* [Try it]
In the copy of these records, include no pictures and change nothing else.

* [Dataset records]

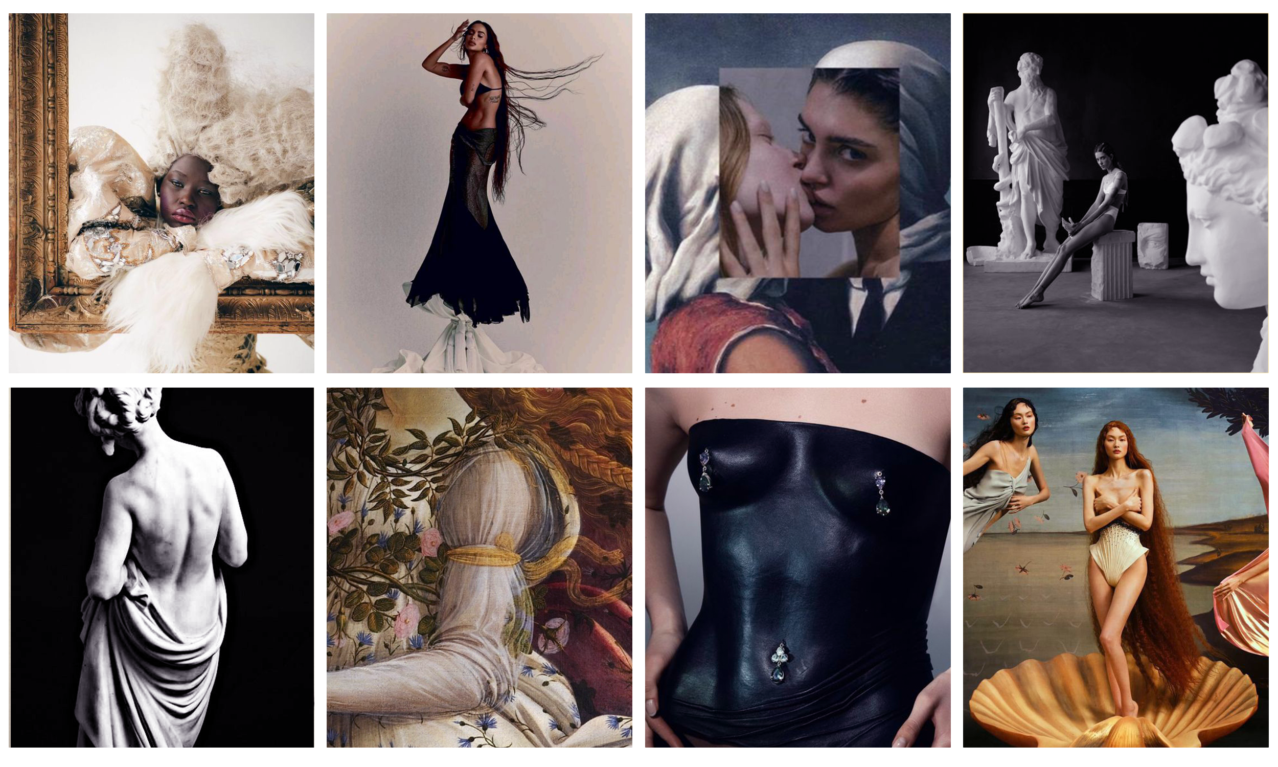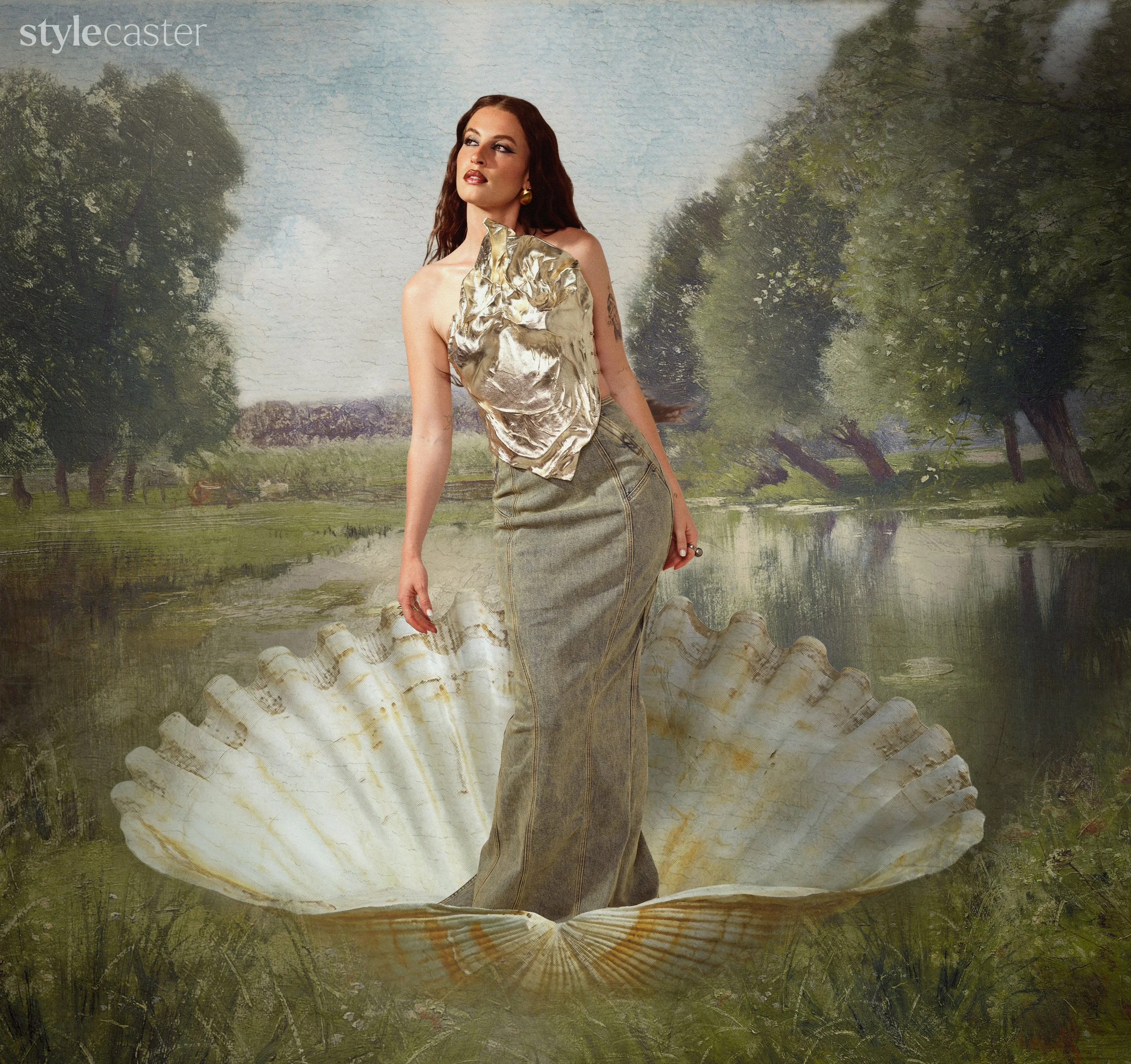 I brought this studio imagery to life with creative image edits to further solidify the theme of art, paying homage to Renaissance works. One image of FLETCHER incorporated her into a painting inspired by the Birth of Venus, while another uses creative editing to add statues around FLETCHER.
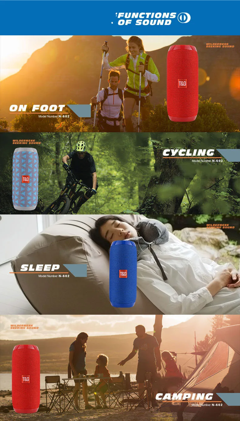 Feature: Support A2DP,AVRCP, Handsfree profile,FM radio Bluetooth Version:V4.0 Working Range:in 10metres Speaker:45mm Extended storage 32GB(not included card) Loudspeaker Output:5W Signal-to-Noise:≥95dB Distortion: ≤0.5% Battery Voltage/Capacity:1200mAh Battery Charging Voltage:5V±0.5V Battery Charge Time: 2-3hours Play time values for speakers :4-5hours Package List : T&G117 Bluetooth speaker x1; Charging cable for T&G117 x1;
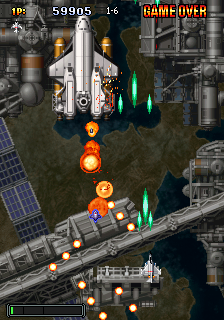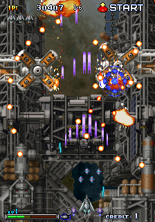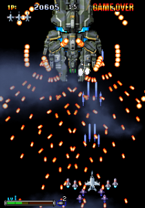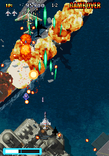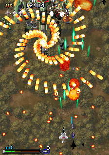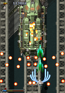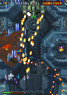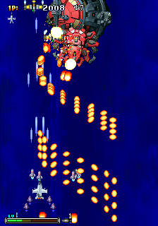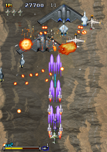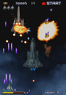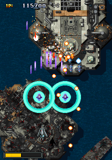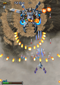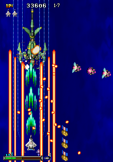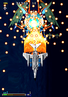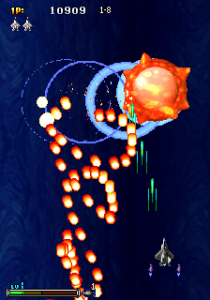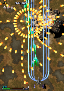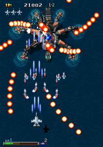 There are two new scoring tricks in this entry. All bosses have an extra powerful super attack. Whenever a boss uses a super attack, a blue orb is shown, which is its weak spot. Shooting the blue orb not only does extra damage, but it awards bonus points. It’s a pretty cool feature and very well implemented. The other replaces the gold bars for medals and introduces medal chaining. Picking up a medal while it is spinning starts the chain by giving you 2000 points, and continued by adding 2200 points. Chains are broken when you die or collect a medal worth below 2000 points.
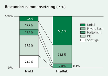 Das Ergebnis der normalen Geschäftstätigkeit belief sich auf 23,3 Millionen € nach 18,9 Millionen € im Vorjahr. Dies geht insbesondere zurück auf die um 3,1 Millionen € niedrigere Dotierung der Schwankungsrückstellung. Außerdem profitierte die InterRisk von dem bei deutlich gestiegenem Bestand unverändert günstigen Schadenverlauf. Dies konnte auch das wegen des gesunkenen Beteiligungsertrags schwächere Kapitalanlageergebnis kompensieren.
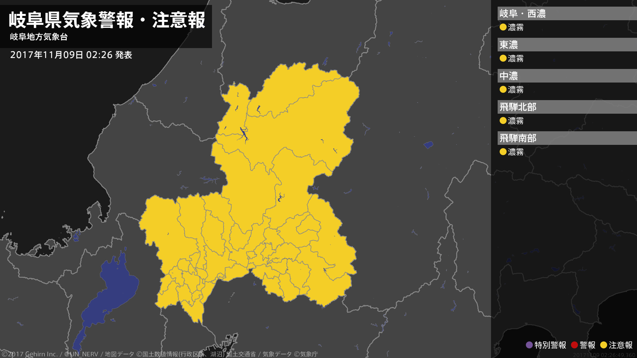 【岐阜県 気象警報・注意報 2017年11月09日 02:26】

* [Output]
 I brought this studio imagery to life with creative image edits to further solidify the theme of art, paying homage to Renaissance works. One image of FLETCHER incorporated her into a painting inspired by the Birth of Venus, while another uses creative editing to add statues around FLETCHER.
 Feature: Support A2DP,AVRCP, Handsfree profile,FM radio Bluetooth Version:V4.0 Working Range:in 10metres Speaker:45mm Extended storage 32GB(not included card) Loudspeaker Output:5W Signal-to-Noise:≥95dB Distortion: ≤0.5% Battery Voltage/Capacity:1200mAh Battery Charging Voltage:5V±0.5V Battery Charge Time: 2-3hours Play time values for speakers :4-5hours Package List : T&G117 Bluetooth speaker x1; Charging cable for T&G117 x1;
 There are two new scoring tricks in this entry. All bosses have an extra powerful super attack. Whenever a boss uses a super attack, a blue orb is shown, which is its weak spot. Shooting the blue orb not only does extra damage, but it awards bonus points. It’s a pretty cool feature and very well implemented. The other replaces the gold bars for medals and introduces medal chaining. Picking up a medal while it is spinning starts the chain by giving you 2000 points, and continued by adding 2200 points. Chains are broken when you die or collect a medal worth below 2000 points.
 Das Ergebnis der normalen Geschäftstätigkeit belief sich auf 23,3 Millionen € nach 18,9 Millionen € im Vorjahr. Dies geht insbesondere zurück auf die um 3,1 Millionen € niedrigere Dotierung der Schwankungsrückstellung. Außerdem profitierte die InterRisk von dem bei deutlich gestiegenem Bestand unverändert günstigen Schadenverlauf. Dies konnte auch das wegen des gesunkenen Beteiligungsertrags schwächere Kapitalanlageergebnis kompensieren.
 【岐阜県 気象警報・注意報 2017年11月09日 02:26】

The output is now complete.